EUA suspendem bloqueio naval aos portos iranianos após acordo

A suspensão ocorre após o acordo de paz entre os Estados Unidos e o Irã.


As Forças Armadas dos Estados Unidos suspenderam, nesta quinta-feira (18), o bloqueio de todo o tráfego marítimo que entra e sai dos portos e áreas costeiras do Irã. A medida foi anunciada pelo Comando Central das Forças Armadas dos EUA (CENTCOM, na sigla em inglês) horas depois da assinatura de um acordo entre Washington e Teerã para encerrar o conflito no Oriente Médio, iniciado em 28 de fevereiro.

“Hoje, as forças americanas suspenderam o bloqueio de todo o tráfego marítimo que entra e sai dos portos e áreas costeiras iranianas, em conformidade com a diretriz do presidente [Donald Trump]”, afirmou o CENTCOM em comunicado publicado na rede social X.

Segundo o comando militar norte-americano, as forças dos Estados Unidos “não estão impedindo o trânsito de embarcações de ou para portos iranianos no Golfo Pérsico e no Golfo de Omã”.

“Todos os esforços militares dos EUA para impor o bloqueio cessaram. Nossos grandes navios de guerra permanecerão na área para garantir que todos os aspectos do acordo sejam respeitados e cumpridos, estando em pleno vigor e efeito.”

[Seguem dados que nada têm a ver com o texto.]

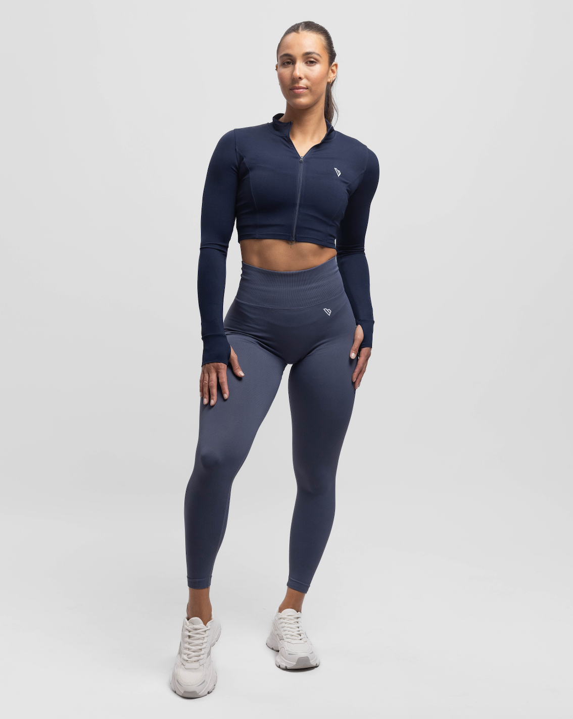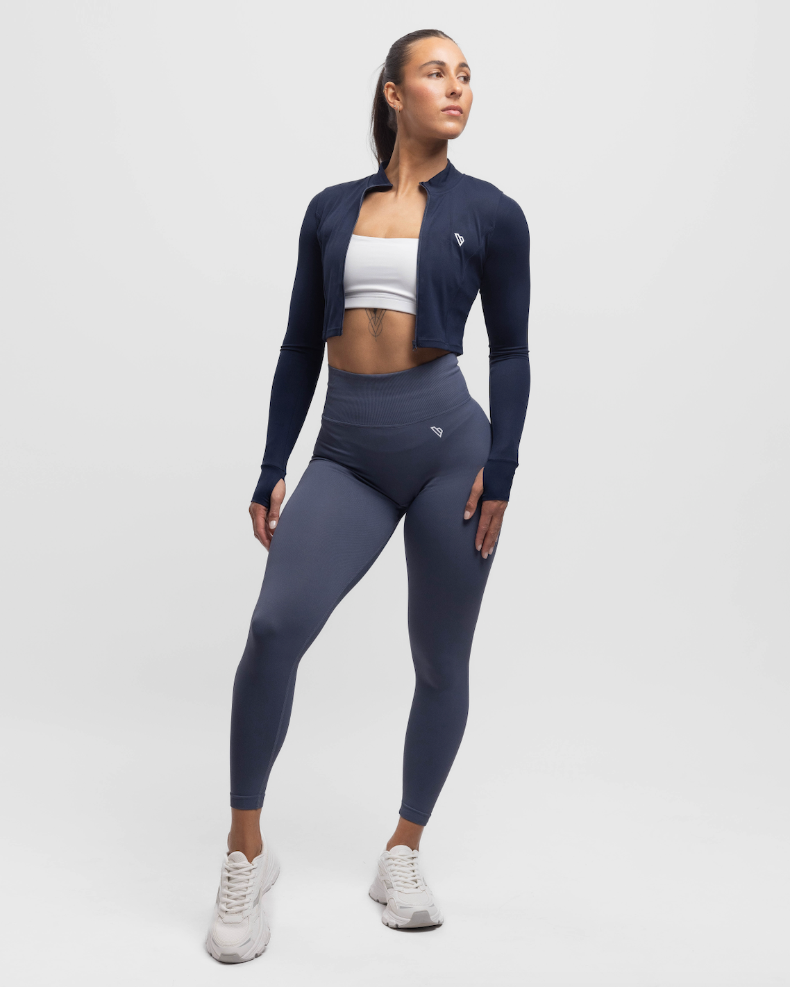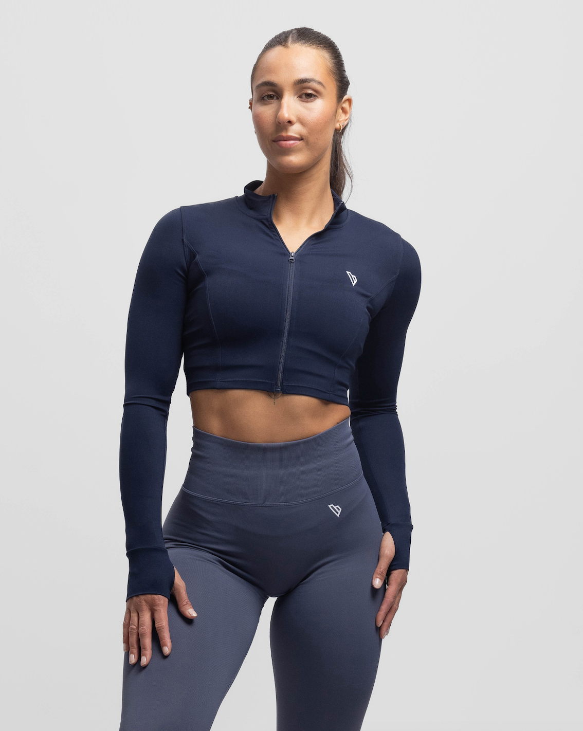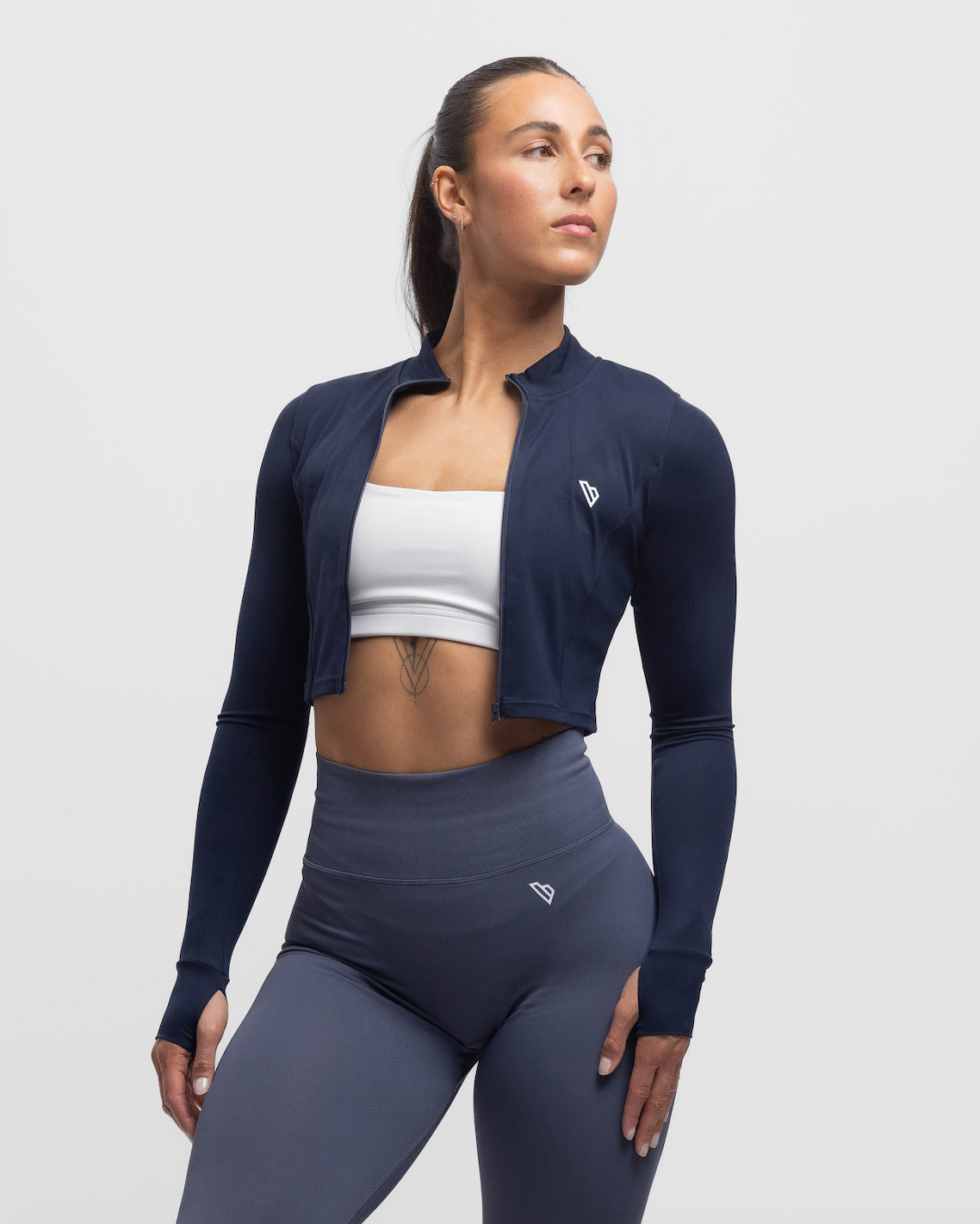 Een must-have voor je garderobe: de Sculpt Crop Jacket. Gemaakt van zachte, soepele stof, met duimopeningen voor extra comfort en een flatterende pasvorm.

Após a assinatura do acordo de paz, cerca de 12,5 milhões de barris de petróleo bruto atravessaram o Estreito de Ormuz durante a madrugada desta quinta-feira, informou o vice-presidente dos EUA, JD Vance. A passagem pelo Estreito de Ormuz é considerada estratégica para o abastecimento energético global, por onde transita cerca de 20% de todo o petróleo comercializado no mundo e que havia sido afetado pelo conflito.

O presidente dos Estados Unidos, Donald Trump, assinou, na noite de quarta-feira (17), um memorando de entendimento para encerrar a guerra. O documento também foi assinado pelo presidente do Irã, Masoud Pezeshkian, e deverá entrar em vigor na sexta-feira (19). Entre os principais pontos estão a reabertura imediata do Estreito de Ormuz e o fim do bloqueio americano aos portos iranianos.

Apesar do avanço diplomático, a situação permanece tensa em outras áreas da região. No Líbano, onde mais de um milhão de pessoas seguem deslocadas pelos combates, as forças israelenses realizaram novos ataques aéreos na manhã desta quinta-feira, levantando dúvidas sobre a extensão dos esforços de Washington para garantir o fim das hostilidades entre seus aliados e adversários na região.